━━ RECORDS SHOWN ━━

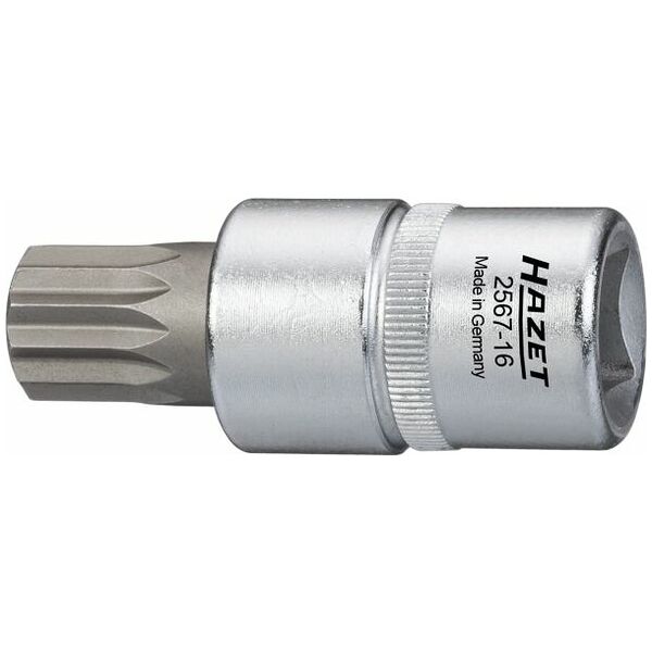 Tamper-resistant XZN bit socket 1/2 inch square drive with knurling surface chrome-plated overall length 60 mm for gearbox oil change size M16
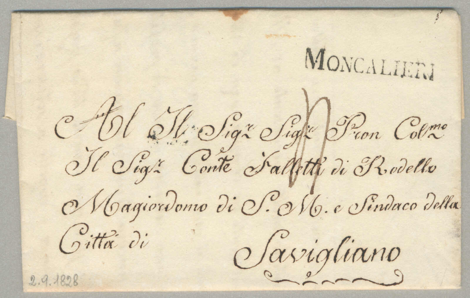 1828, with neatly strike of Moncalieri, on folded letter, ex Provera, XF! Estimate 100€. (Image) (imagea)
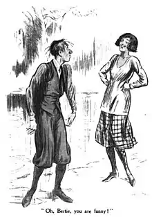 ![]() Honoria (right) laughing in "Scoring off Jeeves" illustrated by A. Wallis Mills in 1922 | |
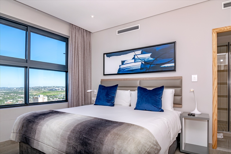 Snug under the Penthouse of PEARL SKY with breathtaking shoreline, sea and interior views over Umhlanga towards the Durban harbour. The Main Bedroom is en-suite with a modern bathroom complete with shower and bath. The second bedroom, also with an en-suite bathroom, opens onto a balcony. The open-plan kitchen and living area flows onto a 18m2 balcony, providing a sense of spaciousness. The apartment is sold unfurnished from the Developer. The Price includes VAT - no Transfer Duty is applicable. Direct access into the Pearls Mall, which offers a range of convenience stores, restaurants, coffee shops, pharmacy, gym and a luxury Spa. 24-hour security add value to an investment that has proven itself over the past 15 years. Make the call ! Municipal Rates are calculated on the advertised price and a once-off Levy Reserve Fund contribution is applicable on purchasing, calculated on the purchase price.
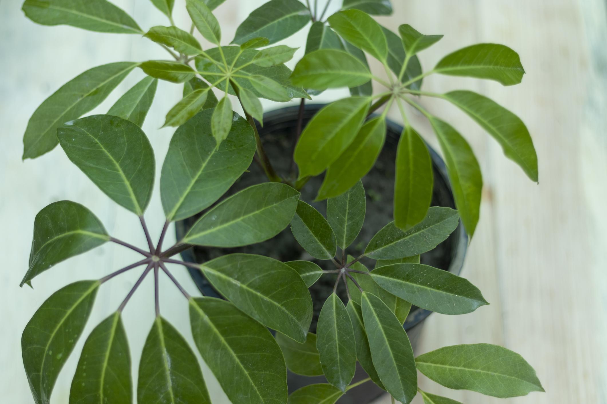 - Árbol o planta paraguas (Schefflera actinophyla)
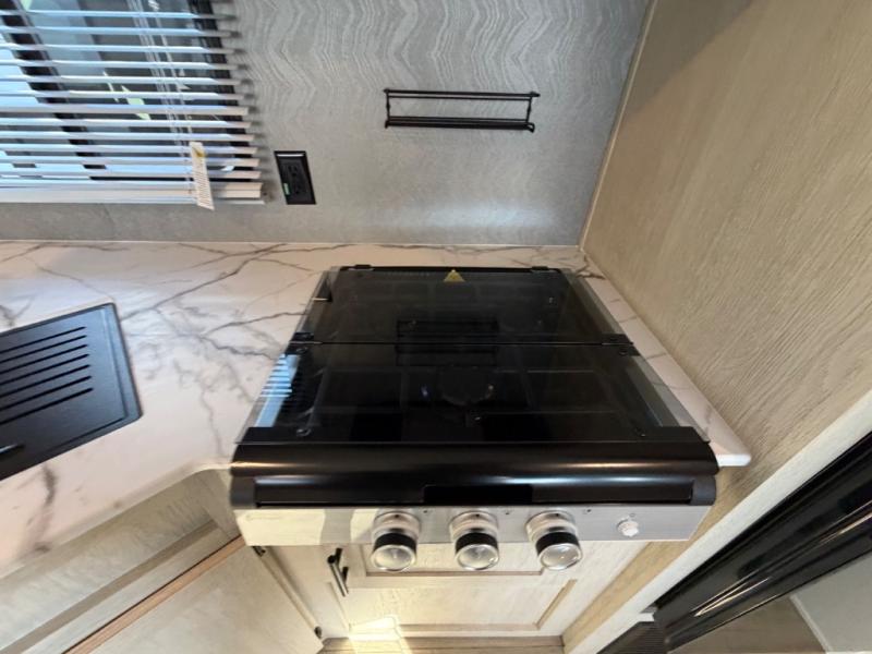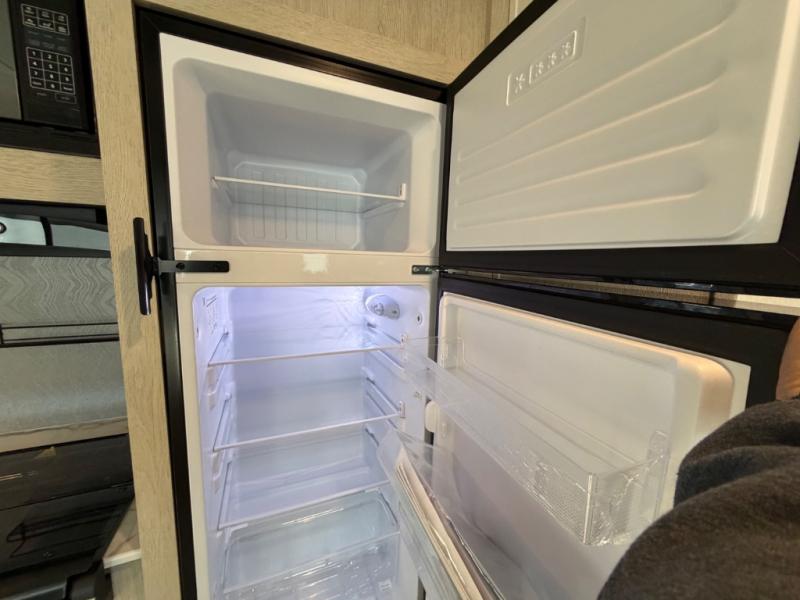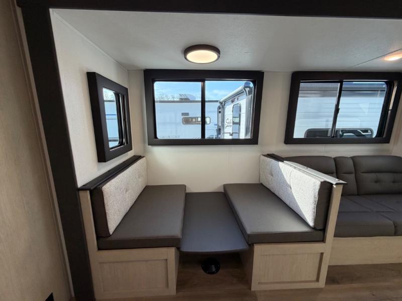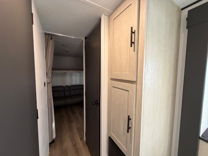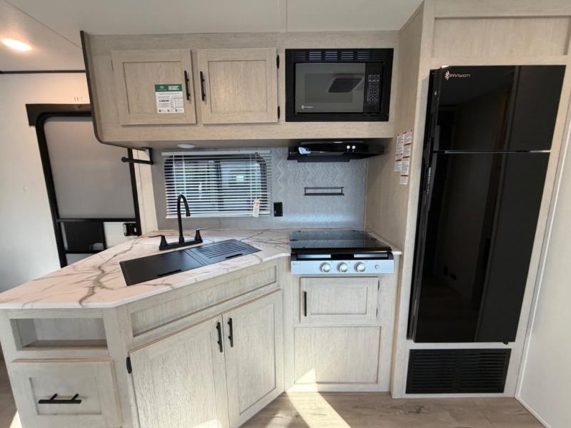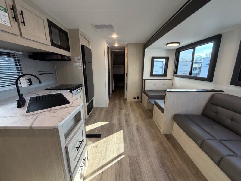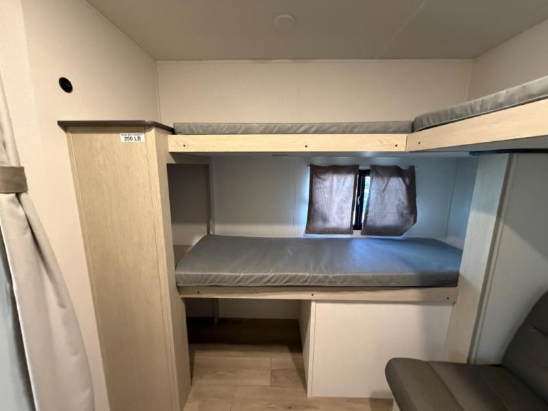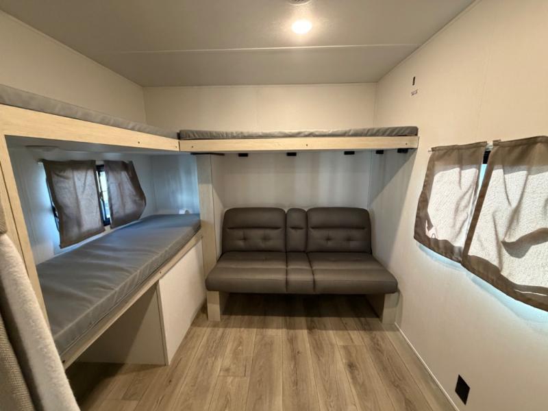 The little ones or your guests will love the bunkhouse in this spacious trailer. There are a set of 26" x 74" bunks, along with a flip-up bunk above a sofa they can sleep and relax. You'll find your own space in the front bedroom that includes a walk-around queen bed and dual wardrobes. Everyone can meet in the middle living area and kitchen to dine around the booth dinette or relax on the sofa. The chef will be able to create delicious meals each day on the three-burner cooktop, and there is a refrigerator for perishables. And the mid-coach full bath is sure to come in handy after a day of swimming or hiking!
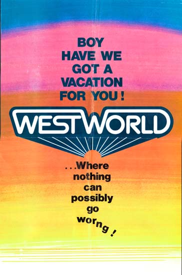 Rare, almost psychedelic, teaser for Michael Crichton's theme-park-gone-mad story. As we know, he was later to repeat this formula with Jurassic Park.
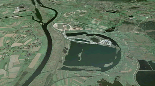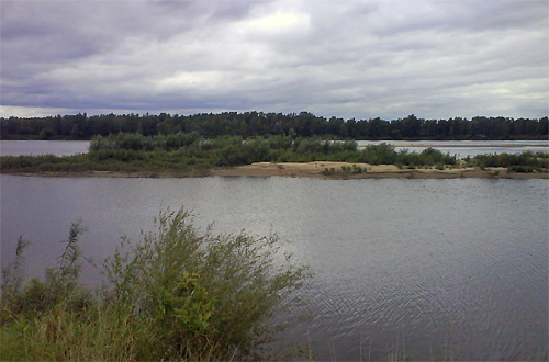 Looking east to west over river Wisła near Jankowice, the village in the background (50°01’N, 19°26’E) with its reservoir. Picture: Czary.
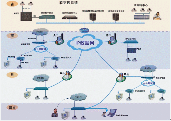 在各級(jí)辦公機(jī)構(gòu)根據(jù)原有用戶數(shù)量,可以配置IP電話綜合接入設(shè)備或IP-PBX,連接當(dāng)?shù)卦械霓k公電話環(huán)境(程控電話交換機(jī)、直線市話、電信虛擬網(wǎng)等)。實(shí)現(xiàn)機(jī)構(gòu)內(nèi)部辦公電話/傳真通過IP數(shù)據(jù)網(wǎng)通信。同時(shí)機(jī)構(gòu)以外的長途電話/傳真也可以利用IP電話網(wǎng)傳輸,而不產(chǎn)生任何長途通信費(fèi)用。
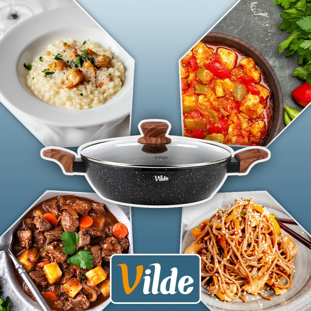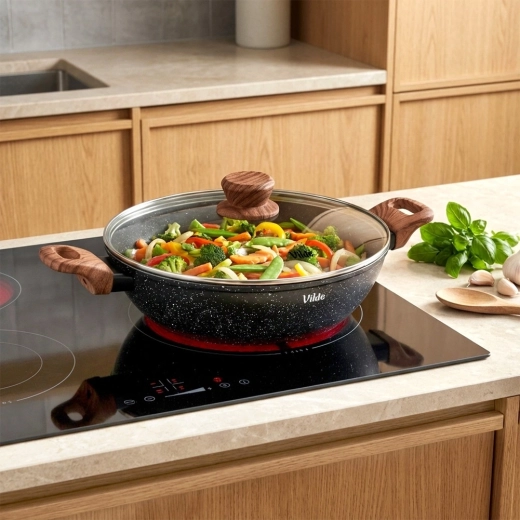 La poêle profonde Vilde de la ligne Granitica Wood est un assistant polyvalent pour frire, mijoter et gratiner. Le corps en aluminium moulé robuste avec une couche en granit antiadhésive assure une répartition uniforme de la chaleur et un démoulage facile des aliments sans attacher. Le couvercle en verre transparent avec valve vapeur permet de contrôler la cuisson sans soulever le couvercle.
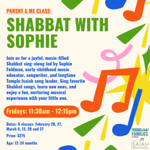 Join us for a joyful, music‑filled Parent & Me Shabbat song experience led by Sophie Feldman, early‑childhood music educator, songwriter, and producer. With years of experience as Temple Isaiah’s song leader and preschool music specialist, a background in developmental psychology, and formal training from the USC Thornton School of Music, Teacher Sophie creates a class environment that is as nurturing as it is musical. Come sing your favorite Shabbat songs and learn some new ones, while bonding with your little one and having some fun. RSVP HERE
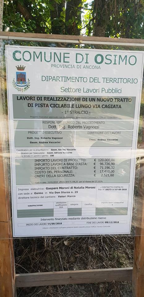 Sono iniziati i lavori del nuovo tratto di collegamento della pista ciclabile di Campocavallo. Ne da notizia il sindaco di Osimo, Simone Pugnaloni. “Si tratta di un percorso di 540 metri che collegherà il parco Verde Energia all’inizio dell’anello “Girardengo”. Con questo intervento – spiega il primo cittadino osimano – metteremo in sicurezza tutti i pedoni che oggi partiti da Campocavallo non dovranno più correre o passeggiare lungo la strada evitando pericolo per la propria incolumita’. Si compie un progetto importante che vede nella zona pista ciclabile di Campocavallo il luogo cardine delle delle passeggiate e del tempo libero all’aria aperta per giovani, famiglie ed anziani. Un percorso che può essere attrazione anche per i turisti che amano l’ambiente ed il paesaggio”.
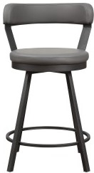 This 24-inch counter height chair offering features a dark gray metal base that serves to support the gray faux leather round swivel seat. Allowing for perfect placement within your space, the Appert Collection is offered in a 29-inch pub height and 4 additional colours – brown, black, red and white.Read More
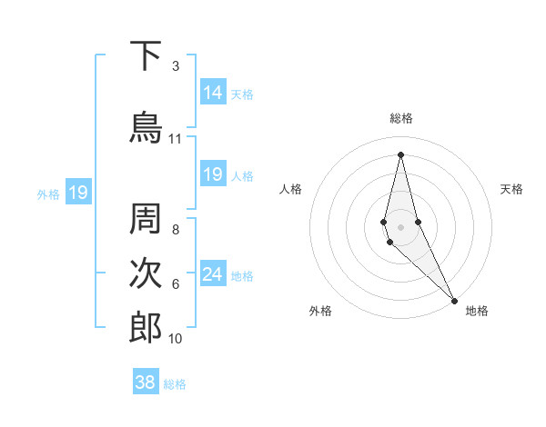 下鳥 周次郎さんを姓名の画数から五運を鑑定
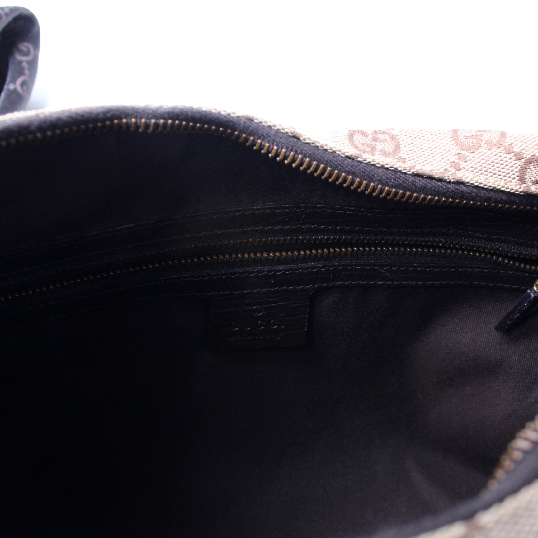 Interior: The interior is clean and free of rips or tears. The interior features one zip closure pocket.
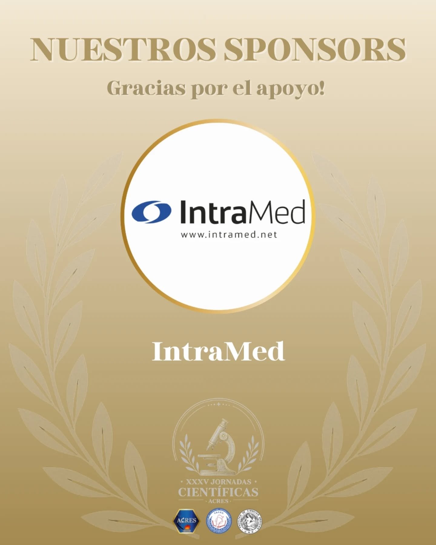 Agradecemos a IntraMed, nuestro sponsor que ha hecho posible la realización de esta jornada. Su compromiso y apoyo han sido fundamentales para llevar adelante este evento, que busca generar un espacio de encuentro, aprendizaje y crecimiento para todos. Valoramos profundamente la alianza construida con ellos, y esperamos seguir trabajando juntos en futuros eventos 🔬
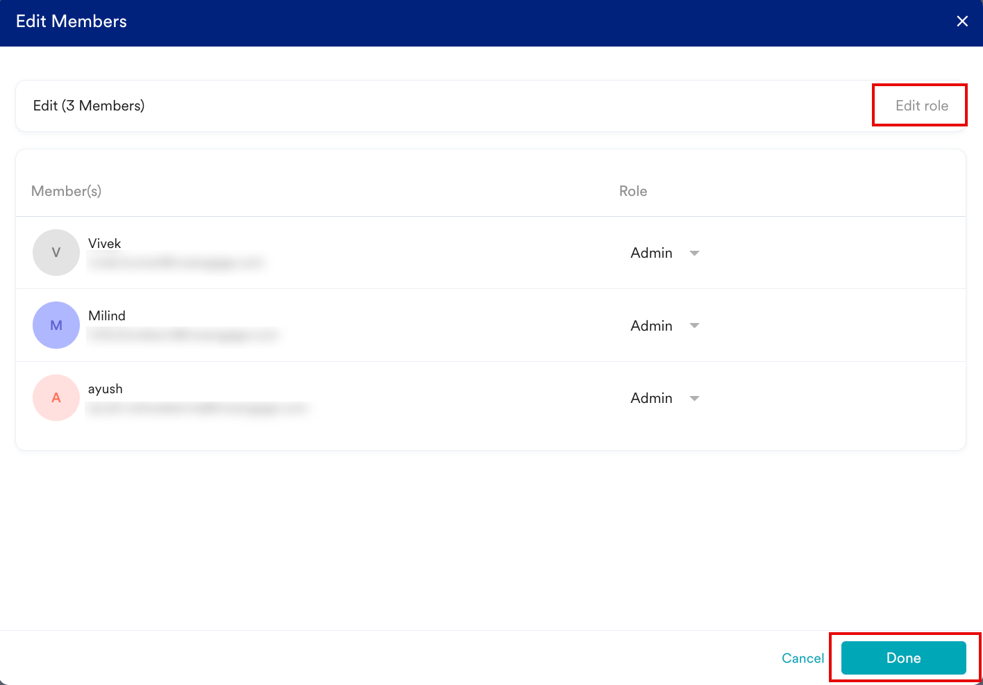 メンバー編集のポップアップウィンドウが表示されます。 - クリックして 役割を編集 し、メンバーの役割を変更します。すべてのメンバーに同じ役割が割り当てられます。
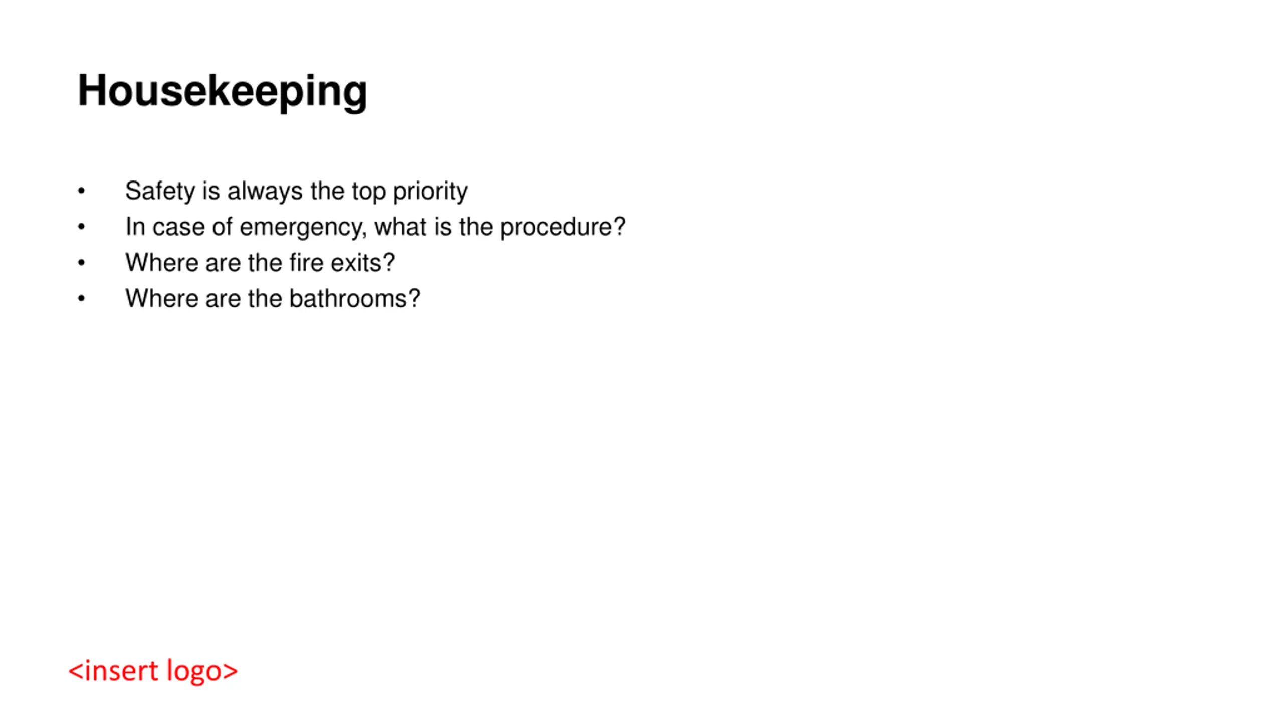 Housekeeping Safety is always the top priority In case of emergency, what is the procedure? Where are the fire exits? Where are the bathrooms? <insert logo>

━━━

TASK TO CARRY OUT:
Say again, exactly, only those lines of the records that run from the start through the line with "in 1922 | |". Pictures are to be skipped.

SOLVED EXERCISE:
 Tamper-resistant XZN bit socket 1/2 inch square drive with knurling surface chrome-plated overall length 60 mm for gearbox oil change size M16
 1828, with neatly strike of Moncalieri, on folded letter, ex Provera, XF! Estimate 100€. (Image) (imagea)
 ![]() Honoria (right) laughing in "Scoring off Jeeves" illustrated by A. Wallis Mills in 1922 | |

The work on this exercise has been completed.